Posts Tagged ‘JavaEE


Embedding Cassandra into your JavaEE AppServer

Recently I started some tests with Apache Cassandra. Sincerely I got impressed with its aptitude to horizontally scale and therefore to handle load increase. Among its main virtues are:

  • Ability of replacing failed nodes without downtime
  • Complete absence of a single point for failure. Every node is identical in regard to functionality

not to mention a few other features.
But still there is one point that bothers me: I still see it and its API as a foundation thing. Something like JGroups turned into. JGroups is largely used nowadays but rarely directly by the application developer. You use it indirectly when you use a clustered JBoss or JBoss TreeCache or Infinispan.
One of these responsibilities that still lies on application developer is the fail over capacity. When you connect to a Cassandra Database node through your application you still need to fetch through its JMX API the rest of the nodes that are part of this cluster, otherwise if this node fails even though your Cassandra cluster is still up and healthy your application won’t know how to connect to it. Another possibility (and in fact this is a recommendation even if you retrieve this node list) is to have a list of reliable servers to serve as bootstrap connection servers but remember Murphy Law even all the servers on this list may go down so you still need to retrieve the whole list for failing over.
So, in summary we have something like what is depicted on the following picture:

Cassandra Regular usage thru JCA and Thrift

Cassandra Regular usage thru JCA and Thrift

Note that there is an iherent complexity in this solution, the JCA connector will be responsible for keeping a list of fail over nodes, something a Cassandra instance already does, so we end up violating the DRY principle.
But what alternatives do we have?

The StorageProxy API

It turns out that CassandraDaemon class (the main one responsible for starting up a Cassandra node) does only a few things that we can embed into our application, or should I say into our JCA Connector since in a JavaEE this is the only place you should be spawning threads and opening files directly from filesystem.
In fact those few steps are properly described on Cassandra Wiki.
Then if you take what we could call a regular approach you’d spawn the embedded Cassandra and perform a connection to localhost in order to communicate make the application talk to the Cassandra Server you’ll end up having an unecessary network communication that could reduce performance by increasing latency.
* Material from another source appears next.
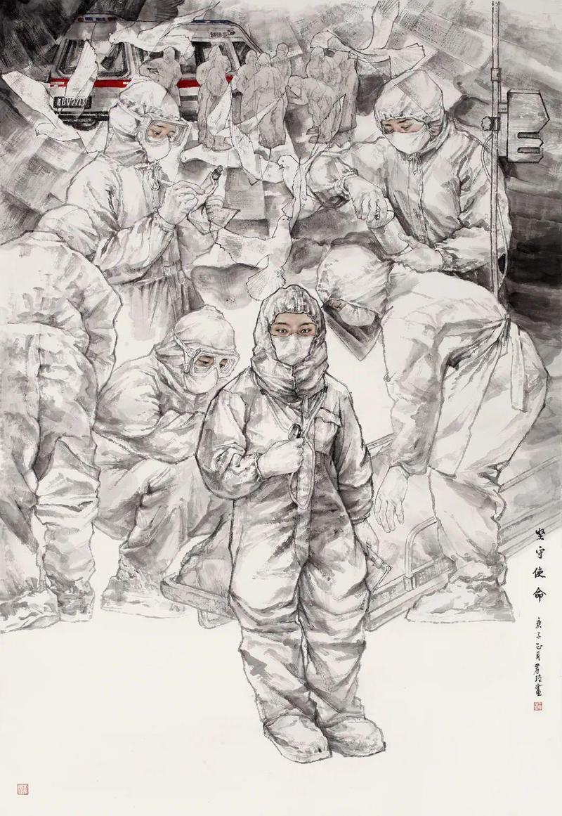 王君强《坚守使命》180×122cm 纸本设色 2020年
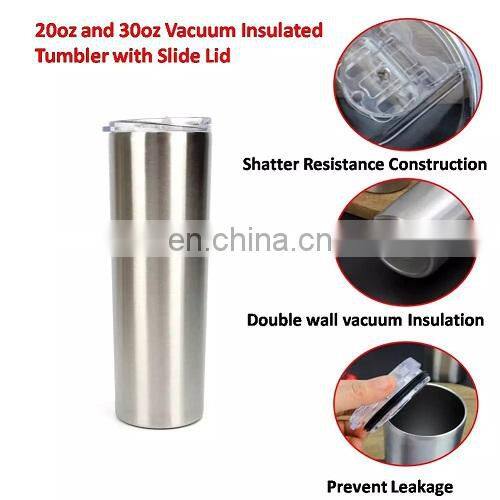 New Arrival Double Wall 20 oz And 30 oz Stainless Steel Tumbler With Slide Lid Vacuum Insulated Tumbler

It turns out that this can be avoided too by using the (not so stable) StorageProxy API.
By taking all the steps describe above you’d end up with a much simpler architecture as the one below:

Cassandra Embedded into JavaEE Server

Cassandra Embedded into JavaEE Server

With this architecture you are shielded from the complexity of failing over, Cassandra handles this automatically for you. Then you could argue: what if I need to independently scale the Cassandra layer? No problem! You can resort to an hybrid architecture like the one below:
Cassandra Embedded with Extra Nodes

Cassandra Embedded with Extra Nodes

In order to achieve this you only need to provide to these extra nodes the address of some of the JavaEE servers, this way, the extra standalone nodes can communicate with Cassandra daemons inside the AppServer and become part of the Cassandra cluster.

Memory mapped TTransport

My first attempt on doing this with Cassandra involved implementing a TTransport class that would be responsible for sending over a byte buffer commands to the server worker thread and receiving response in a similar fashion. I tried this first due to the complete ignorance of the existence of the StorageProxy API. But later I thought this could solve the issue related to the lack of stability this API has (as per the apache Wiki page). But this turned to be a not so easy task.
I thought of having a CassandraMMap that would act as the CassandraDaemon class but it would differ on TThreadPoolServer initialization as below:

		this.serverTransp = new MMapServerTransport();
		TThreadPoolServer.Options options = new TThreadPoolServer.Options();
		options.minWorkerThreads = 64;
		this.serverEngine = new TThreadPoolServer(new TProcessorFactory(
				processor), serverTransp, inTransportFactory,
				outTransportFactory, tProtocolFactory, tProtocolFactory,

The same instance of MMapServerTransport would be handled to the client through a getter method in order to open client connections as follows:

		TTransport tr = mmap.getServerTransp().getClientTransportFactory()
		TProtocol proto = new TBinaryProtocol(tr);
		Cassandra.Client client = new Cassandra.Client(proto);;

Requests through getTransport would be queued on server using the class below and a TTransport for the server would be returned upon acceptImpl:

public class MMapTransportTuple {
	private TByteArrayOutputStream server2Client;
	private TByteArrayOutputStream client2Server;
	private TTransport clientTransport;
	private TTransport serverTransport;

	public MMapTransportTuple(int size) {
		server2Client = new TByteArrayOutputStream(size);
		client2Server = new TByteArrayOutputStream(size);
		clientTransport = new MMapTransport(server2Client, client2Server);
		serverTransport = new MMapTransport(client2Server, server2Client);
        //certain codes ommited for brevity

This class would be responsible for binding the memory buffers from client to server and vice-versa.
The last class involved in this implementation would be the MMapTransport:

public class MMapTransport extends TTransport {

	private TByteArrayOutputStream readFrom;

	private TByteArrayOutputStream writeTo;

	public MMapTransport(TByteArrayOutputStream readFrom,
			TByteArrayOutputStream writeTo) {
		this.readFrom = readFrom;
		this.writeTo = writeTo;
        //read and write would operate on the respective buffer
        //and they would point to different buffers on client and server TTransport instances...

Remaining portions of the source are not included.